We documented that MPV is a significant predictor of in-hospital death. Patients with higher MPV have increased levels of platelet granules, microparticles, and receptors. Platelets have a major role in the pathogenesis of acute coronary syndromes. Since platelets are consumed during myocardial infarction, bone marrow produces and releases new platelets to the circulation.
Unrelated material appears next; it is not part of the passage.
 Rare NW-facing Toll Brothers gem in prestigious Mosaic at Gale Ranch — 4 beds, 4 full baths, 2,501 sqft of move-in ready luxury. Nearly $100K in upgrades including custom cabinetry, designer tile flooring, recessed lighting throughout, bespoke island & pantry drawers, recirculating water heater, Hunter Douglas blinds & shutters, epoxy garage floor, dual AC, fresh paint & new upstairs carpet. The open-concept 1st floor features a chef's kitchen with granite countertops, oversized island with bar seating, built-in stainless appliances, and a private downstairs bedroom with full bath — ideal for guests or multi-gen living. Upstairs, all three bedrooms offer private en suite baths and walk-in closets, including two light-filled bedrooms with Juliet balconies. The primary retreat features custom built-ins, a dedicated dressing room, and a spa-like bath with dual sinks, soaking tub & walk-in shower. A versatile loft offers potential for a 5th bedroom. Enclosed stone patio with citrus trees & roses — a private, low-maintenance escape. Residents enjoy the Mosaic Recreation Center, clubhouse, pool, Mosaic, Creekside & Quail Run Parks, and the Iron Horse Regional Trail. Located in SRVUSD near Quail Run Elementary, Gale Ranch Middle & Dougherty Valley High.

The association of MPV with platelet activation and aggregation and subsequent acute coronary syndromes has already been shown [20, 21]. MPV, a simple and reliable indicator of platelet functions, has been demonstrated to be larger in patients with CAD compared with normal individuals [22]. There is long-standing evidence regarding the role of MPV in acute coronary syndromes [23]. MPV has been identified as an independent predictor of poor angiographic reperfusion and 6-month mortality in patients with STEMI who underwent primary PCI [24].
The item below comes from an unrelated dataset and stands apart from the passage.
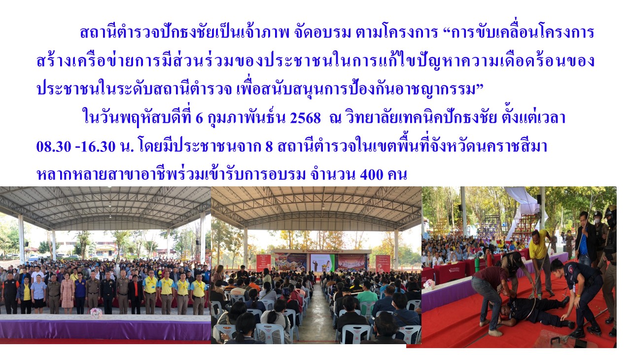 | 24 กุมภาพันธ์ 2568 ตามที่นาง วินัย ประชาชนตำบลตะขบ มาขอความช่วยเหลือที่ สภ.ปักธงชัย เนื่องจากเพื่อนบ้านเผาถ่านก่อความเดือดร้อนรำคราญและป่วยภูมิแพ้ไปขอความช่วยเหลือจากหลายหน่วยงานแล้วไม่เป็นผลล่วงเลยมาเป็นระยะเวลานานเมื่อเวลาประมาณ 10.00 น. พ.ต.ท. พระ ธรรมศร สวป.สภ.ปักธงชัย ภ.จว.นครราชสีมาพร้อมด้วยสายตรวจตำบลตะขบ ผู้ใหญ่บ้านหมู่ 7 ตำบลตะขบได้เรียกคู่กรณีมารับฟังข้อกฎหมายเรื่องพ.ร.บ.เก็บหาของป่าว่าด้วยการทำถ่านและขายถ่าน กฎหมายละเมิด และกฎหมายเกี่ยวกับที่ดิน สปก.ต้นไม้ในที่ดิน สปก. ทั้ง 2 ฝ่ายฟังจนจบ 1) ผู้ก่อเหตุเลิกไม่เผาถ่านอีกต่อไป จนกว่าจะไปทำเรื่องที่ สทจ.นครราชสีมา 2) ผู้เดือดร้อน พอใจ 3) ผู้ใหญ่บ้านและผู้นำชุมชนเข้าใจกฎหมายและหลักปฏิบัติที่เกี่ยวข้อง และวิธีแก้ไขปัญหาแบบเดียวกันต่อไป |

Reperfusion injury may have affected our results as well. Since we know that cooperation among platelets, leukocytes, and endothelial cells is important in atherosclerosis and in maintenance of blood flow in both healthy and diseased vascular segments, increased MPV and leukocyte count in patients with STEMI implies that these cells may participate in reperfusion injury, either alone or in combination. Leukocytes and platelets may mediate reperfusion injury in different pathways. Plugs formed by leukocyte or platelet aggregates, or combined complexes, may hinder coronary blood flow, especially in the microvessels [25]. Evidence demonstrated that platelets and neutrophils act synergistically in provoking postreperfusion cardiac dysfunction and that this may be largely due to cell-to-cell interactions mediated by P-selectin [26]. Platelets may also create impairment in reperfusion through secretion of inflammatory, vasoconstrictor, and prothrombotic mediators, thus increasing reperfusion injury [27].
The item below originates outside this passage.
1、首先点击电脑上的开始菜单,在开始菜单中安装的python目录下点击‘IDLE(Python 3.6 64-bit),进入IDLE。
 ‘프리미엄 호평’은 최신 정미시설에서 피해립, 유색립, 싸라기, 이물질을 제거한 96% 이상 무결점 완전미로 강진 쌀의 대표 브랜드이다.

We demonstrated higher creatinine levels and a higher Gensini score are associated with in-hospital death. The effect of increased creatinine concentration on long-term mortality in patients with STEMI following primary PCI has been demonstrated [28]. A recent study confirmed increased in-hospital mortality and major adverse cardiovascular events in patients with impaired renal functions [29]. Previous studies identified that coronary lesion complexity has been associated with higher short-term mortality since the thrombolytic era [30]. Similarly, low levels of HDL cholesterol, a known independent risk factor for increased cardiovascular events, were related to significantly higher risk of in-hospital death in a large registry of STEMI patients [31].
Our study has several limitations. Mainly, the study population was relatively small. Moreover, our study is retrospective and observational. Thus, we cannot infer causality. However, we included a specific patient group and investigated in-hospital mortality, which is a solid end point.